It was with great joy, President Bush said on Jan. 29, that he was announcing his plan to encourage private charitable agencies, both religious and secular. His basic policy is not new, but his applications of it are. Collaboration has been going on for generations between private social work agencies, including some sponsored by churches, and government at federal, state and local levels. To expand this collaboration, the president has now established the White House Office of Faith-Based and Community Initiatives. As long as there are secular alternatives, he said, faith-based charities should be able to compete for funding on an equal basis, and in a manner that does not cause them to sacrifice their mission.
To encourage this competition, the President has issued an executive order designed, as he put it, to clear away the bureaucratic barriers that make private groups hesitate to work with the departments of Justice, Education, Labor, Health and Human Services, and Housing and Urban Development.

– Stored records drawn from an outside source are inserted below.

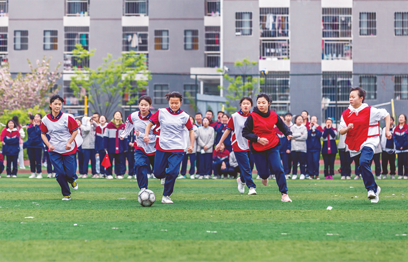 2022年積極的財政政策突出保基本兜底線,切實保障和改善民生。其中,包括支持建設(shè)高質(zhì)量教育體系,優(yōu)化教育支出結(jié)構(gòu),增加義務(wù)教育經(jīng)費投入,促進義務(wù)教育優(yōu)質(zhì)均衡發(fā)展和城鄉(xiāng)教育一體化。圖為2022年3月29日,學(xué)生在貴州省黔西一中參加足球比賽。 人民圖片 范暉/攝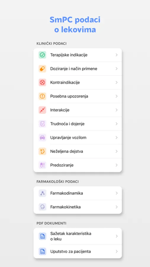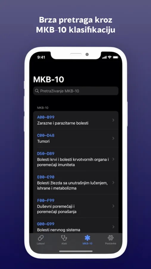 Aplikacija takođe uključuje klasifikaciju bolesti ICD-10 i ATC sistem klasifikacije. Redovno ih ažuriramo, tako da uvek imate najnovije informacije.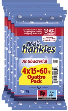 WET HANKIES ΥΓΡΑ ΜΑΝΤΗΛΑΚΙΑ ANTIBACTERIAL 4x15TEM 24ΑΔΑ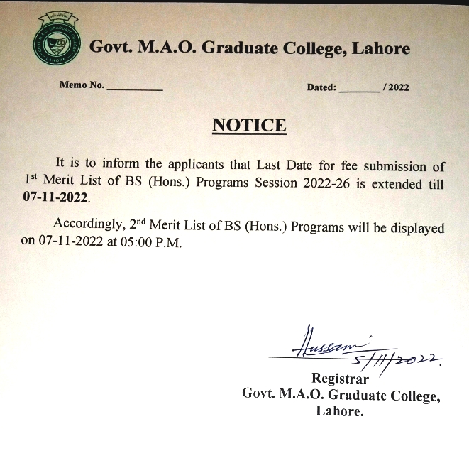 Date Extended for Fee Submission BS (Hons.)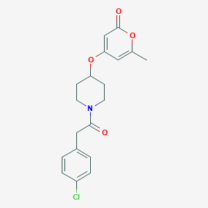 This compound is a synthetic pyrone derivative characterized by a piperidin-4-yloxy moiety linked to a 4-chlorophenylacetyl group and a 6-methyl-2H-pyran-2-one core. The 4-chlorophenyl group may enhance lipophilicity and receptor binding, while the pyranone core is associated with diverse bioactivities, including anti-inflammatory and enzyme-inhibitory effects .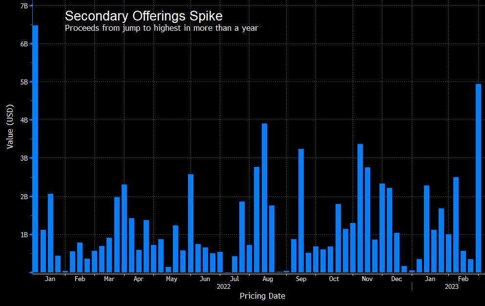 During this month’s pickup, about 55% of proceeds have gone to top holders rather than corporate issuers. In 2022, basically none of the proceeds went to big shareholders, and in 2021 the figure was around 20%.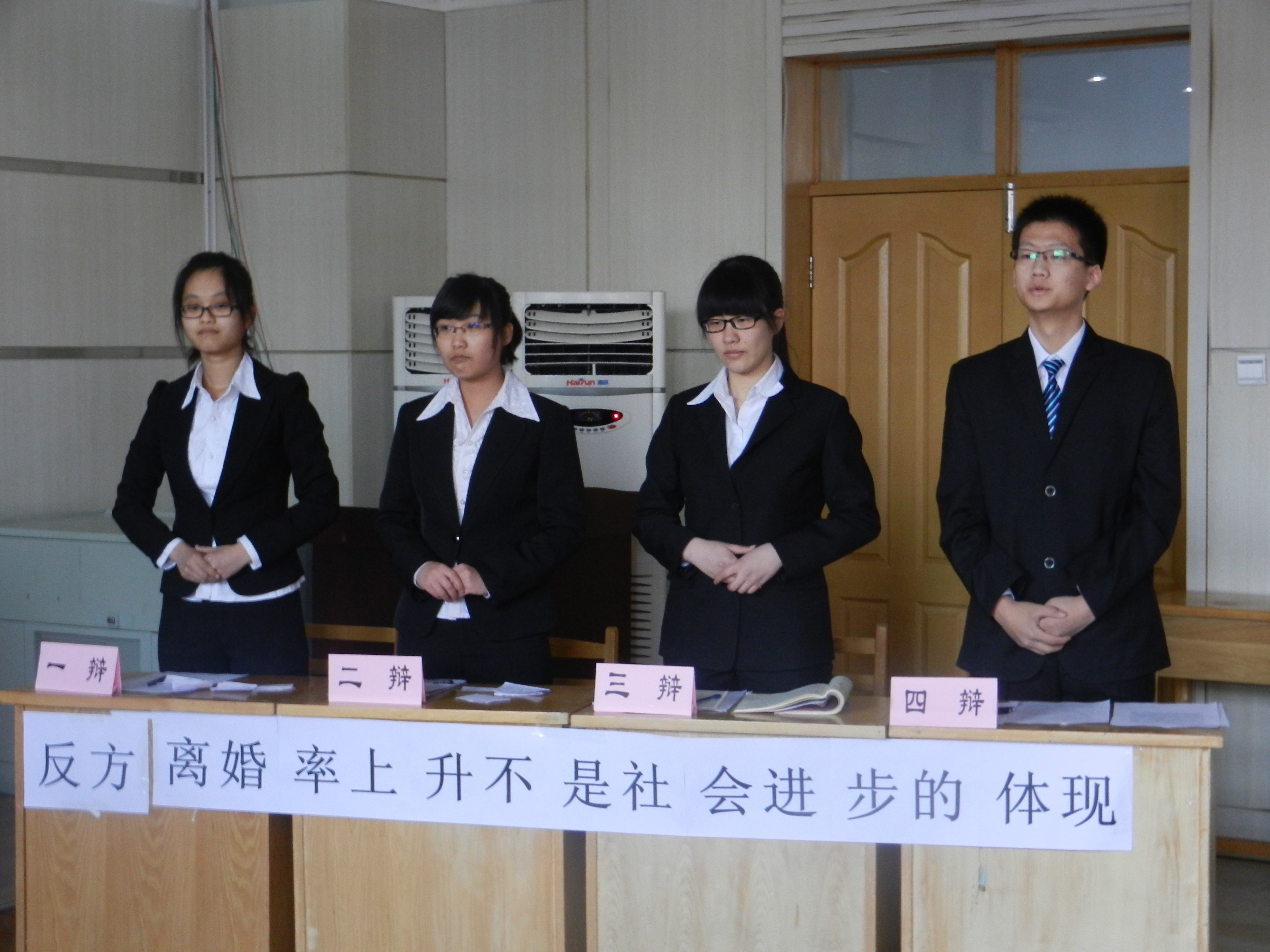 本次友谊赛正方化学院的观点为“离婚率上升是社会进步的体现”,反方商学院的观点为“离婚率上升不是社会进步的体现”。

The President’s plan deserves support if it means more help for the poor and for the solution of social problems. It also deserves support if it means a more equal positioning for faith-based agencies, so that in areas like counseling and job training, where they are not currently treated equally, they may be so.
All the same, and predictably, reservations about the plan have been expressed even by some private agencies. There are at least five questions.
Would this plan mean blurring the line between church and state? No. At least not necessarily. Blurring the line is a buzz phrase that itself blurs two pivotal questions: what line are we talking about, and whose line is blurred? Is it the line drawn by the American Civil Liberties Union?
In fact, the constitutional line is indistinct, as Chief Justice Warren Burger indicated in 1971. Writing for the majority in Lemon v. Kurtzman and holding unconstitutional certain Pennsylvania and Rhode Island programs that aided the secular part of the education given in church-related schools, the chief justice said, Candor compels acknowledgment, moreover, that we can only dimly perceive the lines of demarcation in this extraordinarily sensitive area of constitutional law.
This description of the constitutional line is even truer today30 years and almost 30 important Supreme Court decisions later. The national consensus on that line is both important and narrow. Federal and state governments cannot establish official churches, cannot prefer one religion over another, cannot deny atheists what they give to believers and cannot force anyone to pray or not to pray.
Beyond that, the spectrum of opinions about permissive collaboration between government and religious organizations in dealing with the needs of the poor, ignorant, orphaned, elderly, disabled, addicted and derelict is as wide as the spectrum of light and darkness. In the last 30 years, however, there has been considerable movement of popular, academic and governmental opinion toward the end of the spectrum that favors collaboration as long as government does not breach the wall against establishment, discrimination and coercion.
Would the plan mean that private agencies will be expected to do what government should do? Mr. Bush says it will not: Government has important responsibilities for public health or public order or civil rights and government will never be replaced by charities and community groups.
Right. The provision of food, clothing, shelter and medical care for the poor is the government’s responsibility. Private agencies can furnish safety nets for those the government does not reach, but they are the secondary providers, not the main ones.
Would the plan provide additional funds or just shift around the monies already available? Unless there are additional funds, the plan will be a mirage. The poor won’t be getting more help unless there is more money.
Would faith-based agencies be required to make unacceptable compromises? Agencies can refuse any aid that comes with hampering strings attached. If regulations require them to deny their identity, they should decline to collaborate.
They should not, however, expect total funding for their programs. Government can say, in effect: We’ll give you the soup, but you have to provide the kitchen and the workers. (It need not say: You can’t have a crucifix or biblical texts on the wall.) If government provided all the money, it would call the tune. Faith-based groups must make a significant contribution, if there is to be real collaboration.
Should the plan support such projects as the drug rehabilitation programs of controversial groups like the Church of Scientology and the Nation of Islam? Yes, if they get results and the secular alternatives of which the President spoke are also available. By their fruits you shall know them (Mt. 7:20) is a good norm for all agencies, public and private.